I am running into a speedometer problem. It does not work and I have an abs light on. I would normally just plug the scanner in and read it but i cant. Probably due to the fact that there is no computer anymore. I have read about the rear speed sensor going bad but mine seems to be acting right. It is out putting a AC voltage anyway. I would think that the speedo would work with out the Engine computer. As i have read on the forum this year ranger has the speed signal sent straight to the GEM module. Where it then goes out to the speedo and computer. If is so happens that it will not work then i can just use the Dakota Digital box to out put a speed signal to the cluster. But...

This brings me to another question. According to my HP tuners software i am not receiving a speed signal form the trans. I am running a M5OD R2 out of a 1998 f150. It has the electronic output speed sensor with the gear drive on it. And my ron fransis harness speed sensor plug, plugs right into this speed sensor on the f150 trans. Now my assumptions were that the both put out an a/c voltage. And i could adjust for the speed with the HP tuners and a GPS. But again The sensor seems to be putting out a AC voltage.
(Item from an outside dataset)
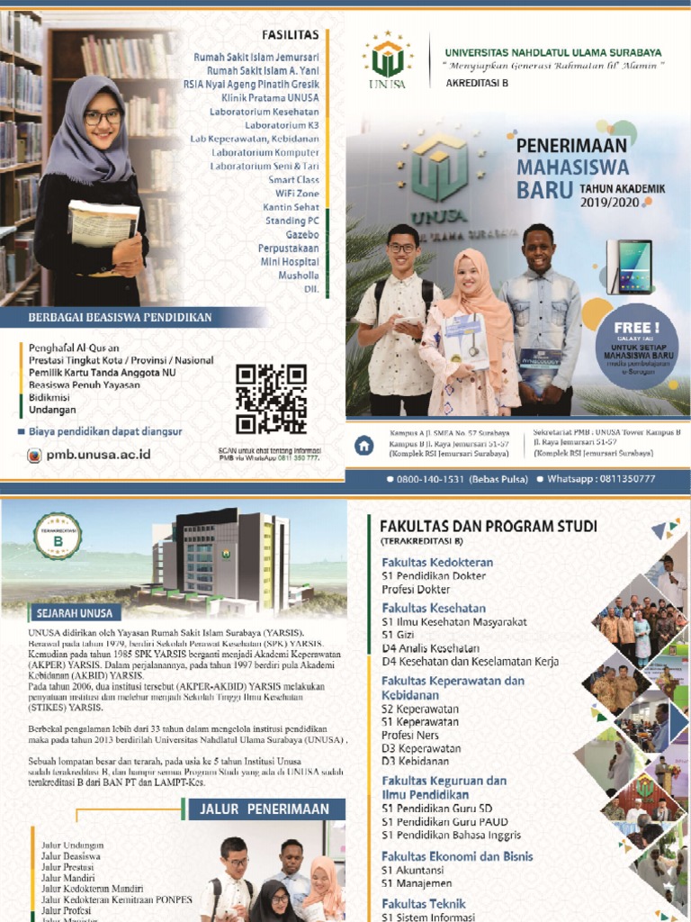 Brosur Unusa Tahun Ajaran 2018 / 2019 - Mahasiswa Unusa

Now i have learned that i have an auto computer right now and the OS needs to be flashed to a manual so everything works right. So maybe this is part of the problem.

So if anyone has some ideas that would be awesome.
 
Alright been a while since i have posted about my swap. I have been driving it around for a while with a few little hiccups but nothing to bad.
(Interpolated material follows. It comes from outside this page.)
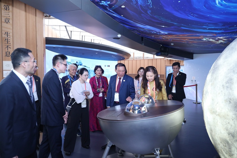 Tham quan Nhà triển lãm Trung Quốc, Bộ trưởng Nguyễn Văn Hùng đã đánh giá cao và dành nhiều lời khen về kiến trúc độc đáo và nội dung đa dạng của Nhà triển lãm nước láng giềng, từ văn hóa, lịch sử, con người, khoa học-công nghệ, đến tầm nhìn về đổi mới sáng tạo, phát triển bền vững gắn với chủ đề “Thiết kế xã hội tương lai cho cuộc sống của chúng ta” của EXPO 2025.

Number one I had a bad vibration issue when driving anywhere above 45 mph. I did some looking and had found that my my pinion angle was 8 degrees off. So before i went through the work of cutting off my mounts i thought that i would try a rear leaf shim first. So i ordered a 8 degree shim from summit and put that in there and If fixed the problem.
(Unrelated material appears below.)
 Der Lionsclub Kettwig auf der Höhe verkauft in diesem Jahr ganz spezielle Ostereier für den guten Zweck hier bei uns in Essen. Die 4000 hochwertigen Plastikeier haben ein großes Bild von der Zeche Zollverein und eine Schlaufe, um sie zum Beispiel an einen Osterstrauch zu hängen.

Next problem was a small fuel leak that i fixed by replacing my ebay cheap AN lines with some good quality AN fittings and lines.

My speedometer did not work after the swap and i thought that it was due to the removal of the stock computer system. I had a ABS light on but i had no way to read codes. Well i started doing some testing and found that i had a bad pin in the gang connector under the cab, for the 2 wire sensor on the rear end.

A few things that i am working on fixing yet is the brakes. If you read my other thread about my brembo brake front upgrade and the conversion to disc in the rear. You can assume that i now need to move a lot more fluid for the brakes to apply. But i'm not sure if i need a bigger master cylinder or if i need to move my pivot point on the brake pedal.

And the last problem is i still have a little computer issue. i currently am running a auto computer and it will not allow me to rev past 3500 to 4000 RPM. with the help of HP tuners i have flashed a manual tune onto the computer but it will not start. I am now going back to Ron Francis on this one because Eric at hp tuners said that everything he has tried with me has worked before.

But besides all that i have probably around 300 to 400 miles and it has not left me stranded.
 
Fuel mileage If you care.

So since i now have a working speedometer and trip i thought that i would give you an update on what i am currently getting for fuel mileage. This number is with the original 3.73 gears that came with the explorer rear end that i got. I have since changed them out for a set of 3.08 gears to drop my RPM going down the high way. I also feel that doing this has made the truck better to drive. Its more like a car and less like a truck. So my average was 22 mpg. I hope to see this number go up a little with the lower running rpm down the high way but only time will tell. I hope to weigh the truck shortly to give an idea an what has changed. I have a before number along with a rough guess of front to back weight.